**Task brief:** Copy the listing exactly; drop the pictures.

**Recorded data:**
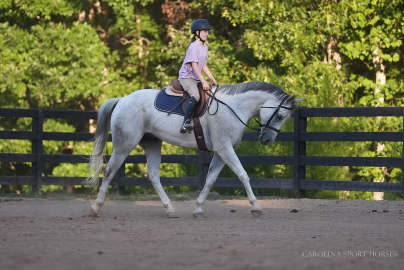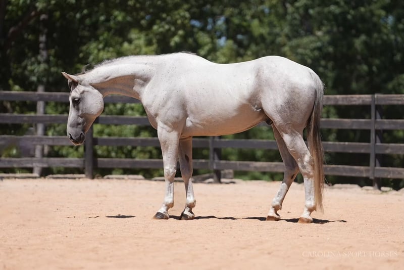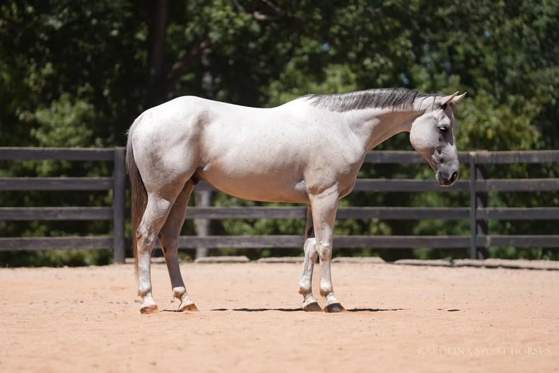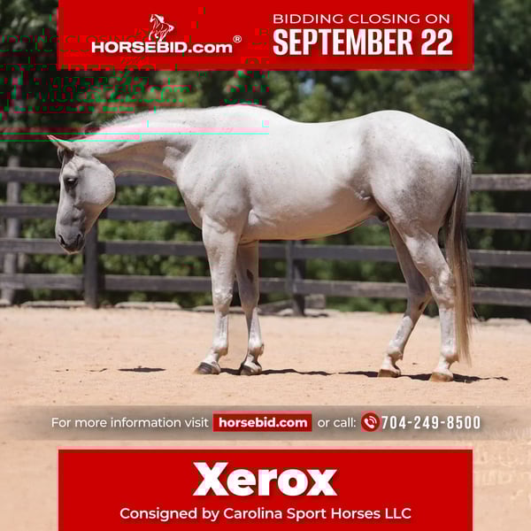 🍁𝒕𝒉𝒆 𝐅𝐀𝐋𝐋 𝑺𝒑𝒆𝒄𝒕𝒂𝒄𝒖𝒍𝒂𝒓🍁 Happening now thru MONDAY | SEPTEMBER 22nd - Available EXCLUSIVELY on HorseBid's website! For more details and to register visit: www.Horsebid.com CONSIGNOR CONTACT: Carolina Sport Horses LLC 704-249-8500 LOCATION: Clover, SC BREED: QH REGISTERED: Yes REGISTERED NAME: Rey’s Dual Tank COLOR: Gray HEIGHT: 15.3 AGE: 7 GENDER: Gelding Xerox is a 7 year old AQHA gelding standing 15.3 hands high. He is a son of great horses like Duel Ray, Xerox Peppy and a long lineage of phenomenal horses. There are some horses that we look forward to riding every day, and Xerox is one of them. He is just so simple, easy, and safe in any and all situations. Xerox is the type of horse that can go from trotting around with the kids, to jumping cross country, to the trails with the husband, all in the same day and do all the jobs well. He has the brain and kind nature for beginners needing a confidence boost, and the talent for the more seasoned rider to enjoy. He brings out the best in every rider, and always leaves you with a smile after you ride. Xerox is a puppy dog on the ground, and as sweet and kind as can be. In the ring, Xerox is easy and fun. He has three comfortable gaits, good brakes, and transitions. He is quiet and easy to get along with. He does lessons weekly with the kids, and is tolerant of nervous, timid, and unbalanced riders. He is starting put together basic dressage tests, and putting together courses in the ring. On the trails and off property, Xerox is brave and honest. He is a blast on the cross country course! He jumps everything you point him at, and will be very easy for an amateur or junior to bring up the levels. On the trails, he rides alone or in a group. The kids take him on hacks around the farm after lessons, and they pop him over the small logs and coupes along the trails. In the barn, Xerox is sweet as can be. He loves people, and is polite and gentle with everyone. He is a good boy to be groomed, bathed, tacked, and clipped, and genuinely enjoys any and all attention. He is the first to the fence in the pasture, and will follow you around like a puppy dog. He lives out 24/7 and gets along well with everyone. He is a good boy when stalled, and has no quirks or vices. Xerox is available to be tried at our farm in Clover, SC by appointment. Appointments to meet and try horses can be made starting anytime after the Full Video is listed on our page. Vet and ship, and sight-unseen sales are welcome at any point once the horse is listed on our site.
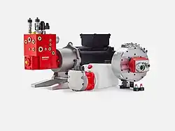 Bucher Hydraulics develops, manufactures and sells hydraulic and electronic components.[56] The company develops, manufactures and sells pumps, motors, valves and manifold block systems, cylinders, power units and power electronics.[57] Production facilities are located in Europe, the United States,[6] China[44] and India.[58]
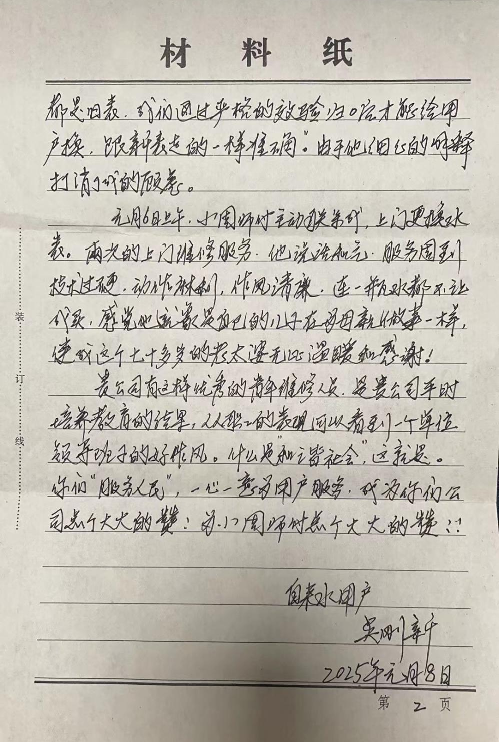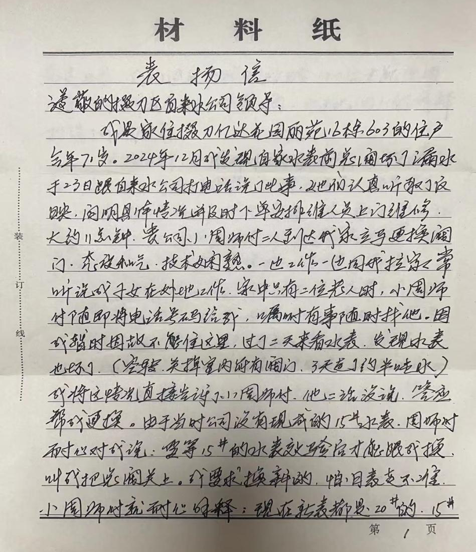 在表揚(yáng)信中,老人深情表達(dá):“家中只有我們兩位老人,水務(wù)集團(tuán)的維修人員就像我們的兒子一樣,他說話和氣,服務(wù)周到,技術(shù)過硬,動(dòng)作麻利,作風(fēng)清廉,讓我們感到無比溫暖。”

**Response box:**
 🍁𝒕𝒉𝒆 𝐅𝐀𝐋𝐋 𝑺𝒑𝒆𝒄𝒕𝒂𝒄𝒖𝒍𝒂𝒓🍁 Happening now thru MONDAY | SEPTEMBER 22nd - Available EXCLUSIVELY on HorseBid's website! For more details and to register visit: www.Horsebid.com CONSIGNOR CONTACT: Carolina Sport Horses LLC 704-249-8500 LOCATION: Clover, SC BREED: QH REGISTERED: Yes REGISTERED NAME: Rey’s Dual Tank COLOR: Gray HEIGHT: 15.3 AGE: 7 GENDER: Gelding Xerox is a 7 year old AQHA gelding standing 15.3 hands high. He is a son of great horses like Duel Ray, Xerox Peppy and a long lineage of phenomenal horses. There are some horses that we look forward to riding every day, and Xerox is one of them. He is just so simple, easy, and safe in any and all situations. Xerox is the type of horse that can go from trotting around with the kids, to jumping cross country, to the trails with the husband, all in the same day and do all the jobs well. He has the brain and kind nature for beginners needing a confidence boost, and the talent for the more seasoned rider to enjoy. He brings out the best in every rider, and always leaves you with a smile after you ride. Xerox is a puppy dog on the ground, and as sweet and kind as can be. In the ring, Xerox is easy and fun. He has three comfortable gaits, good brakes, and transitions. He is quiet and easy to get along with. He does lessons weekly with the kids, and is tolerant of nervous, timid, and unbalanced riders. He is starting put together basic dressage tests, and putting together courses in the ring. On the trails and off property, Xerox is brave and honest. He is a blast on the cross country course! He jumps everything you point him at, and will be very easy for an amateur or junior to bring up the levels. On the trails, he rides alone or in a group. The kids take him on hacks around the farm after lessons, and they pop him over the small logs and coupes along the trails. In the barn, Xerox is sweet as can be. He loves people, and is polite and gentle with everyone. He is a good boy to be groomed, bathed, tacked, and clipped, and genuinely enjoys any and all attention. He is the first to the fence in the pasture, and will follow you around like a puppy dog. He lives out 24/7 and gets along well with everyone. He is a good boy when stalled, and has no quirks or vices. Xerox is available to be tried at our farm in Clover, SC by appointment. Appointments to meet and try horses can be made starting anytime after the Full Video is listed on our page. Vet and ship, and sight-unseen sales are welcome at any point once the horse is listed on our site.
 Bucher Hydraulics develops, manufactures and sells hydraulic and electronic components.[56] The company develops, manufactures and sells pumps, motors, valves and manifold block systems, cylinders, power units and power electronics.[57] Production facilities are located in Europe, the United States,[6] China[44] and India.[58]
 在表揚(yáng)信中,老人深情表達(dá):“家中只有我們兩位老人,水務(wù)集團(tuán)的維修人員就像我們的兒子一樣,他說話和氣,服務(wù)周到,技術(shù)過硬,動(dòng)作麻利,作風(fēng)清廉,讓我們感到無比溫暖。”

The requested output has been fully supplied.